To what extent, then, does the suffering of workers and children justify an increased minimum wage? According to the graph, an increase in the wage will result in higher unemployment–especially bad considering many miners have “no other alternatives” and that mining is the “only way to survive” (IHRC). This theory is based on the fact that firms will be less willing to hire workers in order to maximize profits. Since these mines are largely perfectly competitive, they will have long run normal economic profits. That means that, as a long term solution, it would be impossible to simply mandate that these firms continue hiring at a pre-minimum wage level with a minimum wage, as their economic profit will be negative, meaning that somebody has to compensate firms in order to establish a minimum wage.

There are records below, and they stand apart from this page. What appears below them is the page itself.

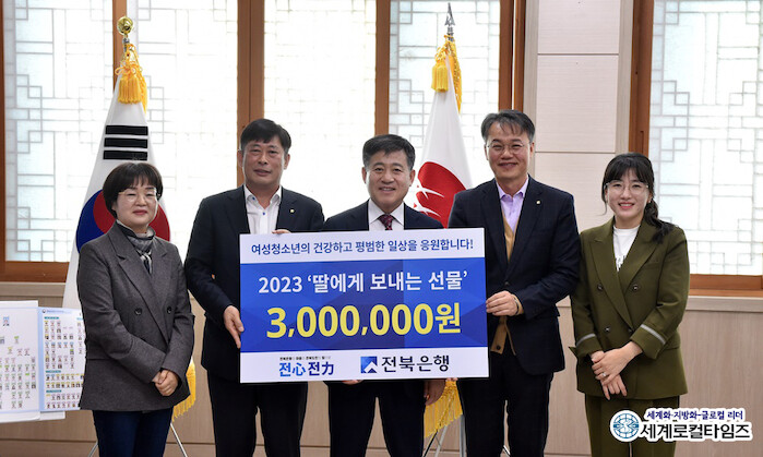 김제시에 따르면 강장오 김제지점장은 “‘2023 딸에게 보내는 선물’이라는 사업명으로 저소득가정 여성청소년 보건위생용품 지원을 통해 경제적 어려움을 겪는 이들에게 꿈과 희망을 전하고 앞으로도 건강하게 성장할 수 있도록 도와 누구에게나 따뜻한 금융 실현을 위해 앞장서고자 준비했다”고 말했다.
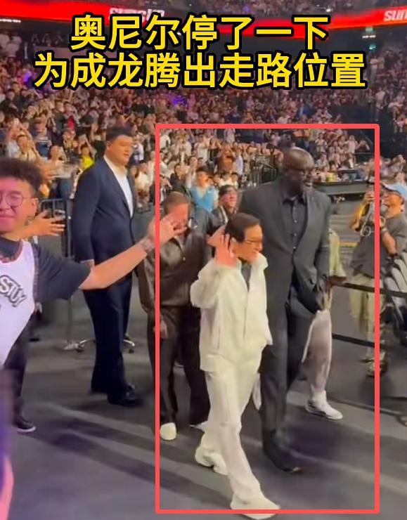 甚至在走向观众席时,奥尼尔还主动把手放在了成龙大哥的后背上。这一举动,无疑表达了奥尼尔对大哥的尊重。而且奥尼尔还专门慢了一步,让成龙大哥走在前面,这个小细节也能从侧面体现出成龙大哥的国际影响力。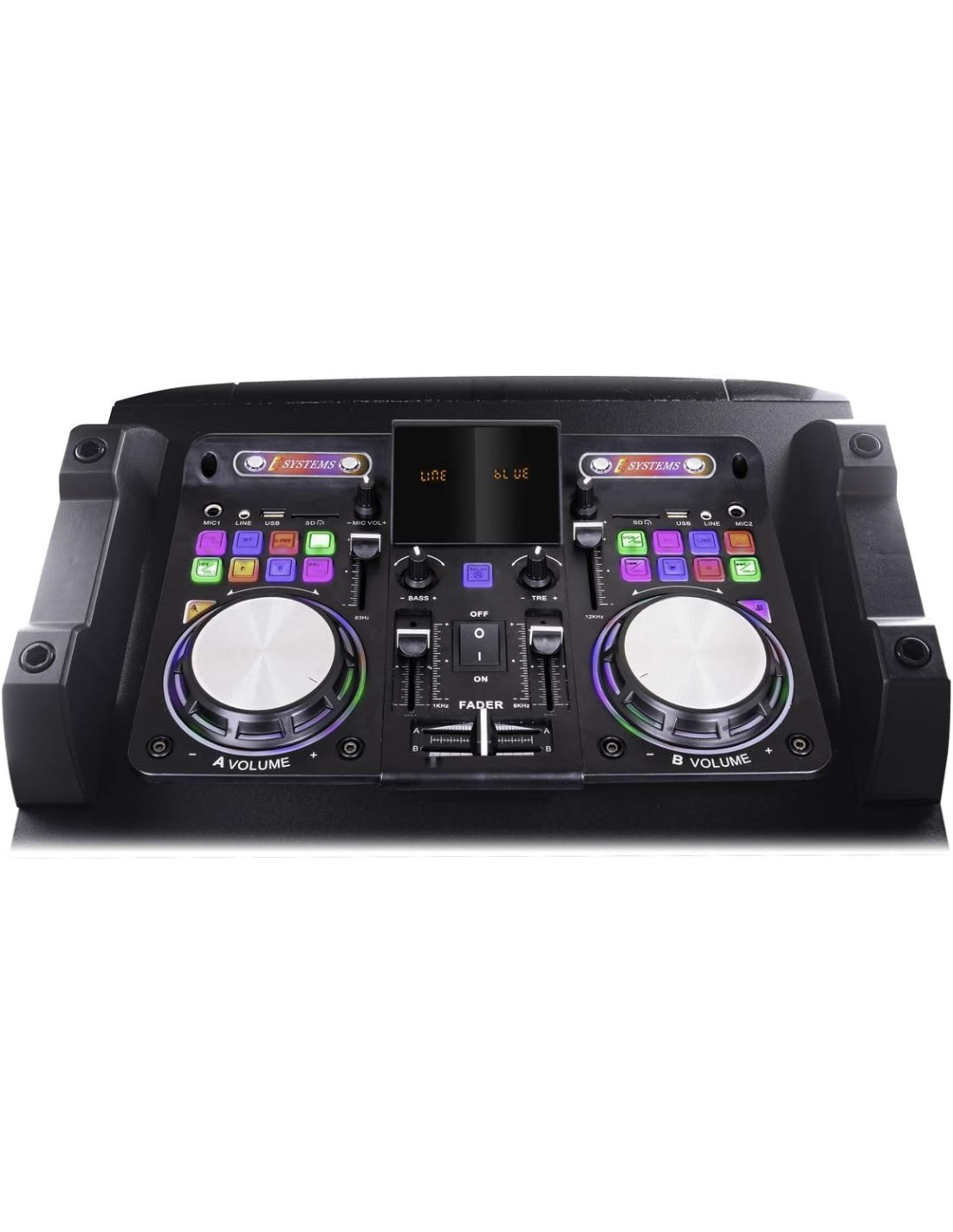 Cuenta con conectividad Bluetooth y entradas auxiliares/micrófono, ofreciendo múltiples opciones para DJs, presentaciones y eventos en vivo. Su diseño jumbo y portátil permite transportarlo con facilidad a cualquier escenario o espacio.
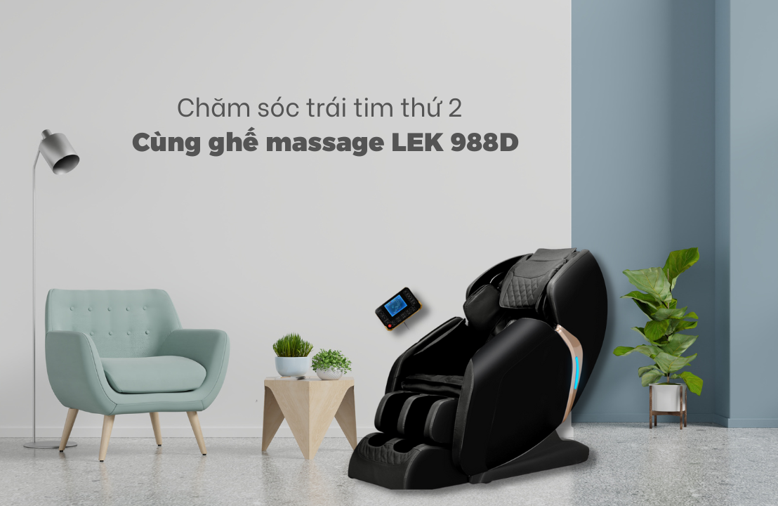 Ghế massage toàn thân LEK 988Y tính hợp đầy đủ các tính năng massage hiện đại nhất từ con lăn silicone mềm mại massage êm ái, tính năng bodyscan, massage không trọng lực cho tới massage chân chuyên sâu. Việc tăng cường tuần hoàn máu, thúc đẩy lưu thông khí huyết cho cơ thể phụ thuộc rất nhiều vào đôi bàn chân của chúng ta. Chân phải đứng, ngồi 16 tiếng không vận động vô tình đã tạo áp lực rất lớn cho cơ thể, khiến cơ thể rơi vào tình trạng mệt mỏi thường xuyên. Ghế massage LEK 988Y sở hữu đa dạng các phương pháp massage sẽ tác động sâu vào các huyệt đạo ở lòng bàn chân xua tan mệt mỏi tức thì cũng như giúp giải tỏa tình trạng căng thẳng để cơ thể thư thái ngủ ngon hơn.

Here, however, the solution runs into practical hurdles. How will nations that are already running on a tight budget be supposed to finance such a large social program? After all, raising the wages for over a million miners would require substantial financial investment. While this solution may not pertain to each individual nation–and nations should therefore seek a source of funding that best suits their own socio-political environment– one effective solution could be using public diamond profits to fuel this solution. In Zimbabwe, for example, approximately 15 billion USD of diamond profits for the Government was misappropriated and used to line the pockets of the elite rather than enter the national treasury (GlobalWitness). This amount of money could likely cover the cost of a minimum wage program. In order to overcome the barrier of corruption, it is recommended that all readers of this article write a strongly-worded and thoroughly spell checked email to corrupt governments of certain diamond producing nations, which could potentially result in a change of heart for the politicians who would then opt to fund the minimum wage program. Another means of persuasion would be the use of violent threats through email, which must certainly also be rigorously spell checked, though this venue of change is less likely to be fruitful.
In order to protect the precious children and workers of impoverished nations, who are suffering tremendously under horrendous living conditions, it is imperative that they be granted a living wage. Even though this Government intervention would likely result in inefficiency, this could be fixed through a subsidy funded by the recuperation of misappropriated diamond funds, which were actually originally earned by the workers themselves. Essentially, the proposition and entirety of this article boils down to this: give the miners back their money because they could use it.
"Digging in the Dirt": Child Miners in Sierra Leone's Diamond Industry. International Human Rights Clinic, 2009.
“Labor & Community.” Brilliant Earth, www.brilliantearth.com/conflict-diamond-child-labor/.
“Leave No Stone Unturned: Transforming Zimbabwe's Marange Diamond Sector through Extensive Transparency Reforms.” Global Witness, www.globalwitness.org/en/campaigns/conflict-diamonds/leave-no-stone-unturned/.
Sullivan, J. Courtney. “How Diamonds Became Forever.” The New York Times, 3 May 2013, www.nytimes.com/2013/05/05/fashion/weddings/how-americans-learned-to-love-diamonds.html.